I want the opposite requirement for words: a regex to match words where the first and last letter are different. For example, abc should match since 'a' and 'c' are different, and bgb should fail since it begins and ends with 'b'.

I tried with /^(.).*(?!\1)$/, but it had both false positives and negatives (it matched when it shouldn't, and didn't match when it should).
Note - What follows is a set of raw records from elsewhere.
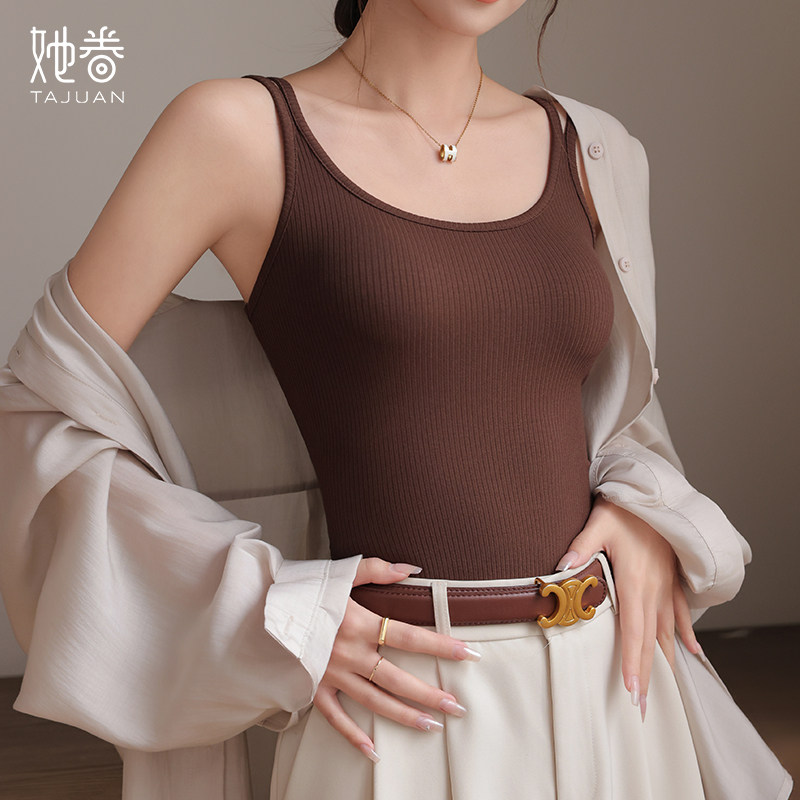螺纹莫代尔吊带背心女夏无袖内搭打底衫防走光遮副乳针织上衣外穿
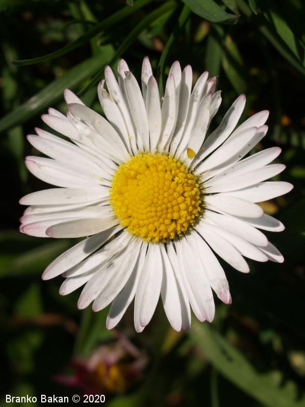 Opis: trajnica z bogato pritlično listno rozeto in posamičnimi cvetočimi stebli ter kratkimi podzemnimi pritlikami. Listi so podolgasto jajčasti do lopatičasti, srhkodlakavi, celorobi ali neenakomerno plitvo izjedeni. Koški so posamični, na dolgih, enostavnih stebelcih, jezičasti cvetovi (zunanji) so z zgornje strani beli, s spodnje večinoma rdečkasti ali škrlatni do rožnati, notranji (cevasti) cvetovi so rumeni, nameščeni na rahlo dvignjenem socvetišču, zato izbočeni. Koške obdajajo enoredno nameščeni, eliptičnosuličasti ovojkovi listi. Plod je orešek (rožka), ki nima razvite kodeljice (v ščetinice preobraženi čašni listi).
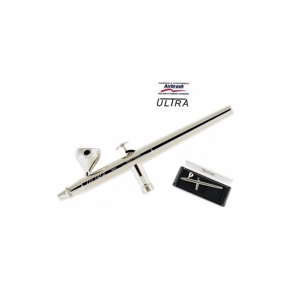 Está provisto de una función de doble acción independiente alimentada por gravedad. El Ultra incluye un juego de boquilla de 0,2 mm. y deposito de 2 ml.
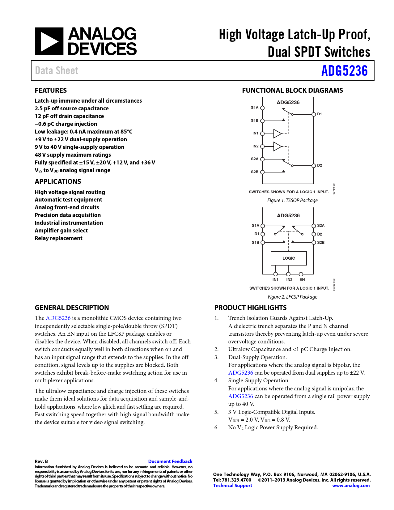 High Voltage Latch-Up Proof,. Dual SPDT Switches. Data Sheet. ADG5236. FEATURES. FUNCTIONAL BLOCK DIAGRAMS
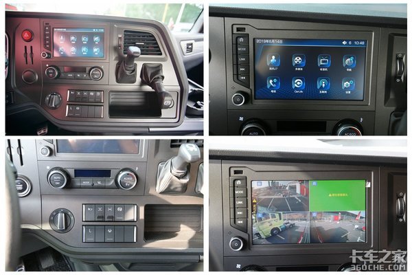 这款车的中控台排布非常规整,可以说是强迫症的福音了。8寸北斗兼容触摸式车载终端看起来非常高级,实拍车装配的四路影响摄像头可以在多媒体大屏上实时显示,在装卸货物或是停车时非常的实用,同时,多媒体集成了车辆管理、一键救援、自动空调、手机互联、无线WIFI、车载娱乐系统等智能化配置,是J7的卖点之一。,在多媒体的下方是空调控制按钮,空调的冷暖可进行自动调节。在中控台的最下方是挡位调节旋钮以及喇叭等功能的按钮。
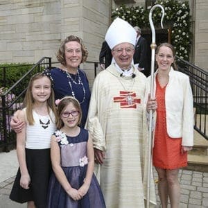 Bishop Joel M. Konzen, SM, takes a photo with (clockwise, from top left) Tammy (Steindam) Myers, her cousin, Claire (Steindam) Nyugen, and Myers’ daughters, Breanna and Allison. Myers, a longtime family friend of the bishop, is from his hometown, Oak Harbor, Ohio, and they share the same home parish, St. Boniface Church. Photo By Michael Alexander
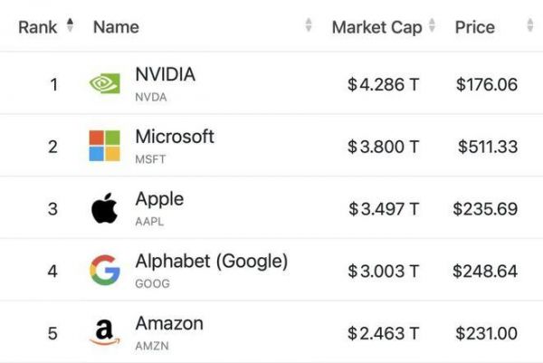 第三家是英伟达,于2024年6月加入3万亿美元俱乐部。
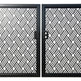 Herringveil Passage – Ornamental metal man door with diagonal herringbone lattice and central lock plate Model # MG721
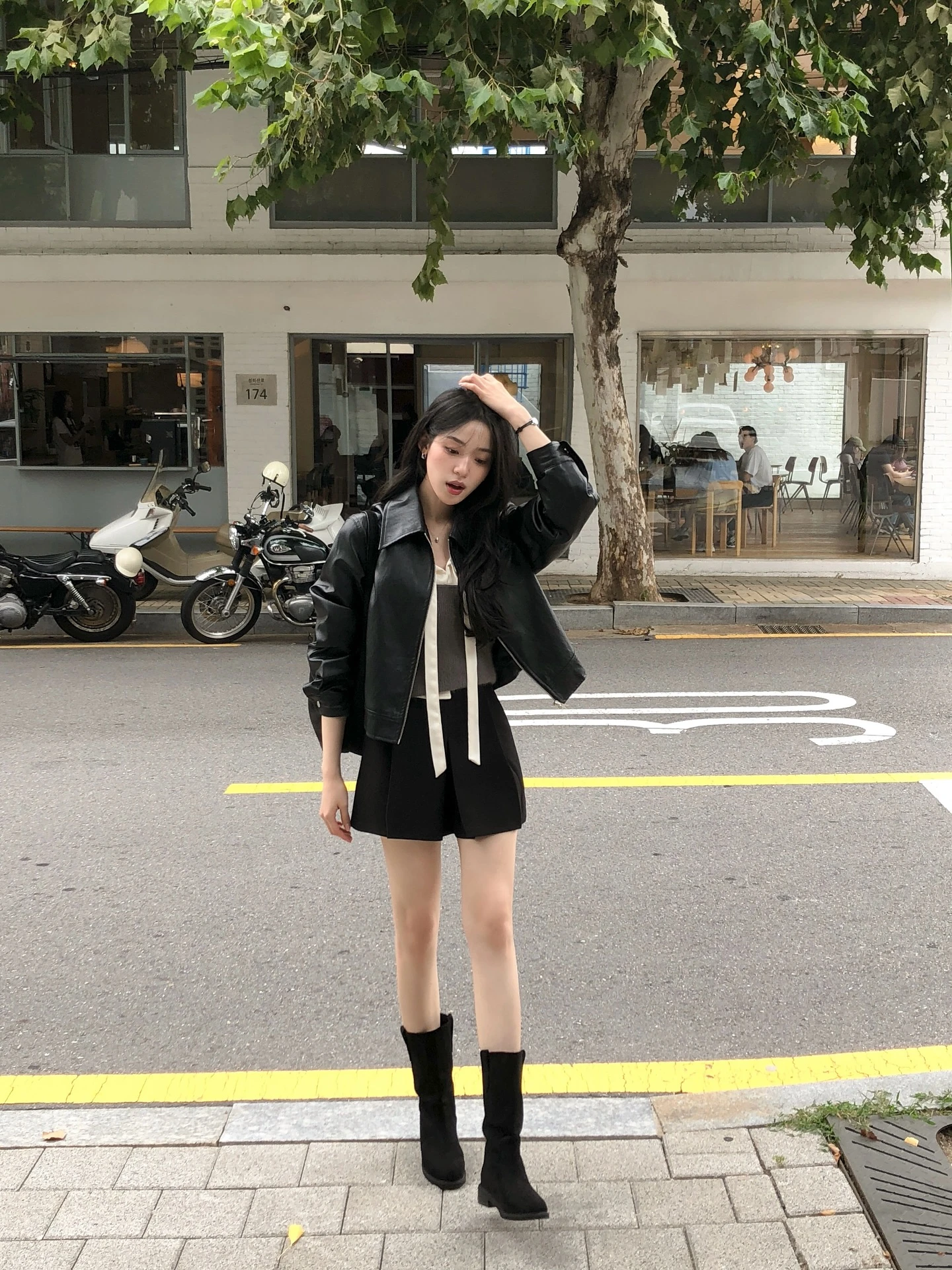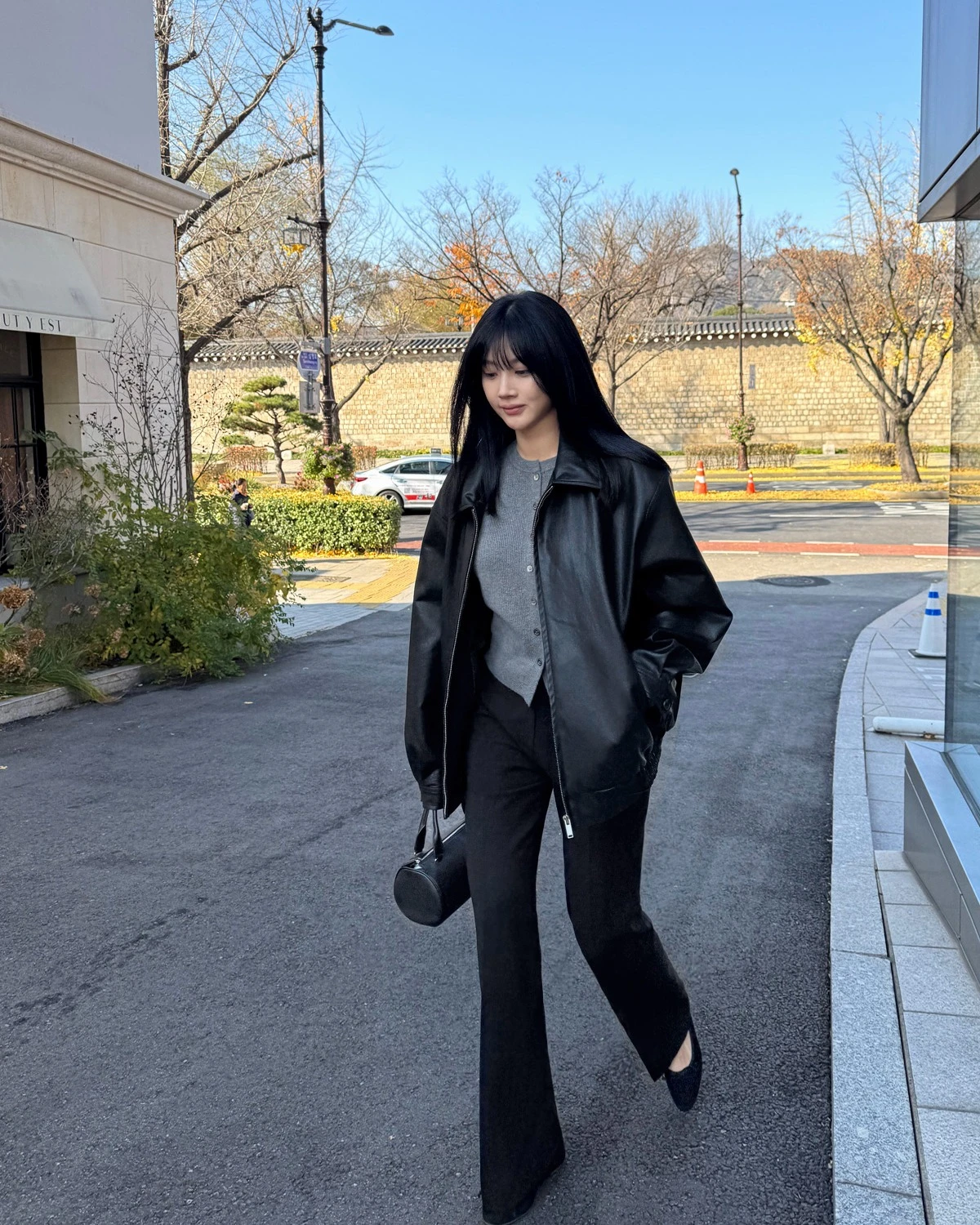 Áo khoác da luôn tạo cảm giác cá tính, nhưng điều thú vị là nó hoàn toàn có thể trở nên sang trọng nếu bạn biết cân bằng cách phối đồ. Một chiếc áo da màu đen cổ điển, phom vừa phải, không quá nhiều chi tiết sẽ giúp bạn trông hiện đại và thời thượng mà không bị “hầm hố”.

What regex would match words where the first and last letters are different?

outis
  • 75,655
  • 22
  • 151
  • 221
  • If you don't want to match the beginning and end of a string, removing the `^` (match-beginning-of-string) and `$` (match-end-of-string) characters would be a good start. https://regex101.com/ is a great tool for understanding regex. Also probably good to pick one language tag or explain how this question is both for JS & python regex. – CollinD Oct 09 '22 at 04:16
  • i think he is saying the word can not end with the same letter it startswith ... – Joran Beasley Oct 09 '22 at 04:17
  • any reason this is tagged both js and pyth? it demonstrates usage of neither code. – rv.kvetch Oct 09 '22 at 04:18
  • @rv.kvetch it looks like those regex are js style regex ... but your point stands imho – Joran Beasley Oct 09 '22 at 04:20
  • Please clarify your specific problem or provide additional details to highlight exactly what you need. As it's currently written, it's hard to tell exactly what you're asking. – user11717481 Oct 09 '22 at 04:37
  • @ellhe-blaster Actually the OP's requirement is very clear. Not exactly clear which language is being used. – Tim Biegeleisen Oct 09 '22 at 04:43

2 Answers2

3

A negative lookahead as you were attempting can be made to work:

^(.).*(?!\1).$

This pattern says to match:

  • ^ from the start of the string
  • (.) match any first character and capture it in \1
  • .* match zero or more additional characters
  • (?!\1) assert that the last character is NOT \1
  • . match any last character (which cannot be \1)
  • $ end of the string

Here is a running demo.

Tim Biegeleisen
  • 502,043
  • 27
  • 286
  • 360
1

Firstly, we need a regex to match words. The simplest is to use the word metacharacter class, \w. Note that this will match not only letters but digits and the underscore; if it's not the appropriate character class, you'll need to substitute something else (such as the Unicode letter category \P{L}).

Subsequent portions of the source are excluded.